ここで得られた糖質は、共有結合によりタンパク質に結合していると考えられる。また、ポリアクリルアミドゲル電気泳動を行った結果、シングルバンドを示した。 The carbohydrate obtained here is considered to be bound to the protein by a covalent bond. In addition, as a result of polyacrylamide gel electrophoresis, a single band was shown.
(実施例8)分子量測定及びアミノ酸分析
実施例6で得られた精製物(タンパク質)について、分子量測定及びアミノ酸分析を行った。分子量の測定は、0.02M酢酸緩衝液(pH5.0)で平衡化したセファデックスG−75カラム(2.0×49cm)を用いたゲル濾過法によって行った。

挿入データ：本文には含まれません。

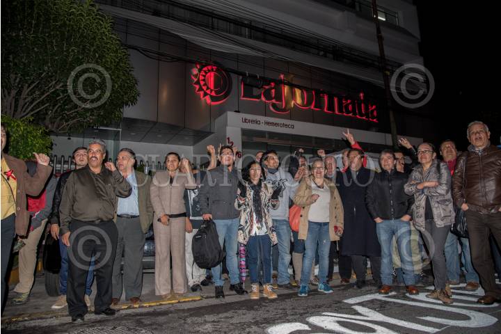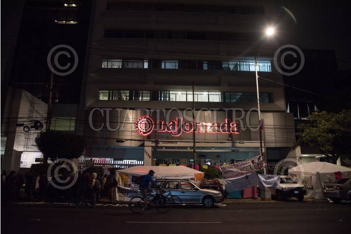 CIUDAD DE MÉXICO, 04JULIO2017.- A pesar de que venció el plazo para desalojar la huelga de los trabajadores de La Jornada y abrir las instalaciones, los miembros del sindicato no abandonaron el diario, yaque se encuentran amparados ante la declataria de que la huelga es inexistente. Durante la madrugada de hoy autoridades visitaron las instalaciones para solicitar la reapertura del periódico, petición que fue rechazada por los huelguistas FOTO: TERCERO DÍAZ /CUARTOSCURO.COM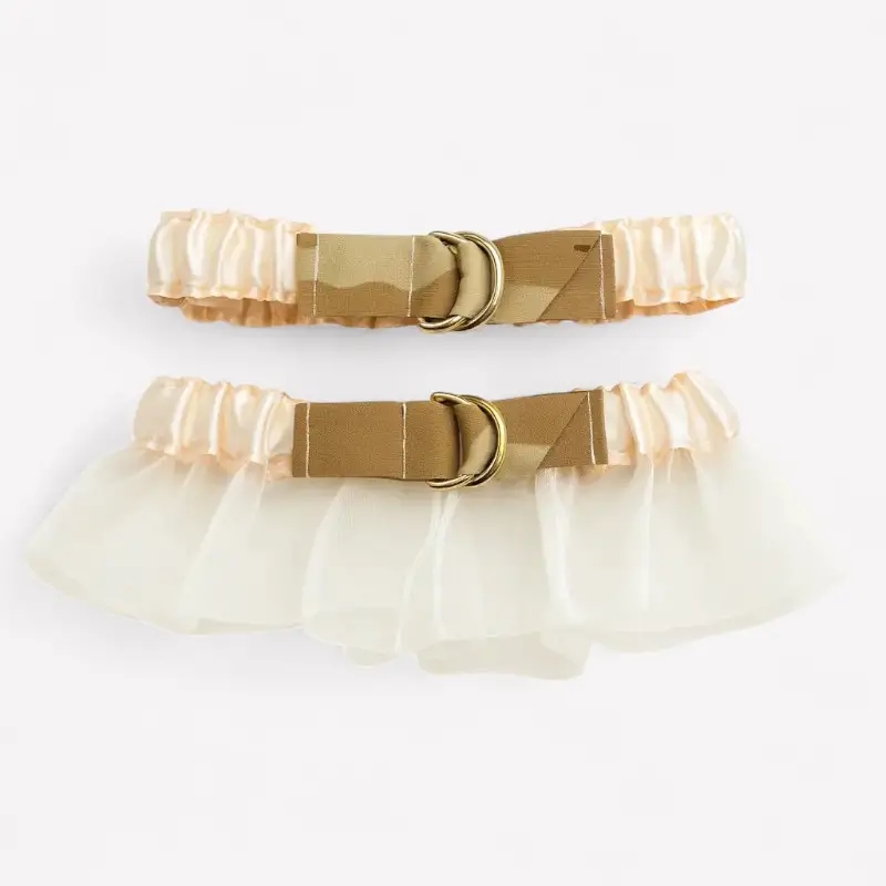 Deze set van twee kousenbanden combineert zachte perziktinten met een bruin camouflagedetail – perfect voor de bruid die haar outfit graag een verrassend accent geeft.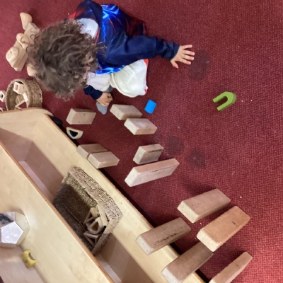 Our construction area has been very popular. We have been creating amazing towers and structures using the different building materials and have worked together with friends cooperatively.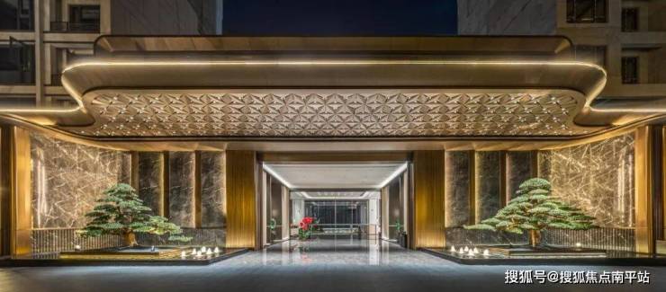 落客区立柱全岩板包裹,搭配冲孔铝板+星空灯,地面瓷砖铺贴,给予业主归家尊崇礼仪。

ゲル濾過において、得られたタンパク質の分子量は、23000Daであった。
(Example 8) Molecular weight measurement and amino acid analysis The purified product (protein) obtained in Example 6 was subjected to molecular weight measurement and amino acid analysis. The molecular weight was measured by gel filtration using a Sephadex G-75 column (2.0 × 49 cm) equilibrated with 0.02 M acetate buffer (pH 5.0). In gel filtration, the molecular weight of the obtained protein was 23000 Da.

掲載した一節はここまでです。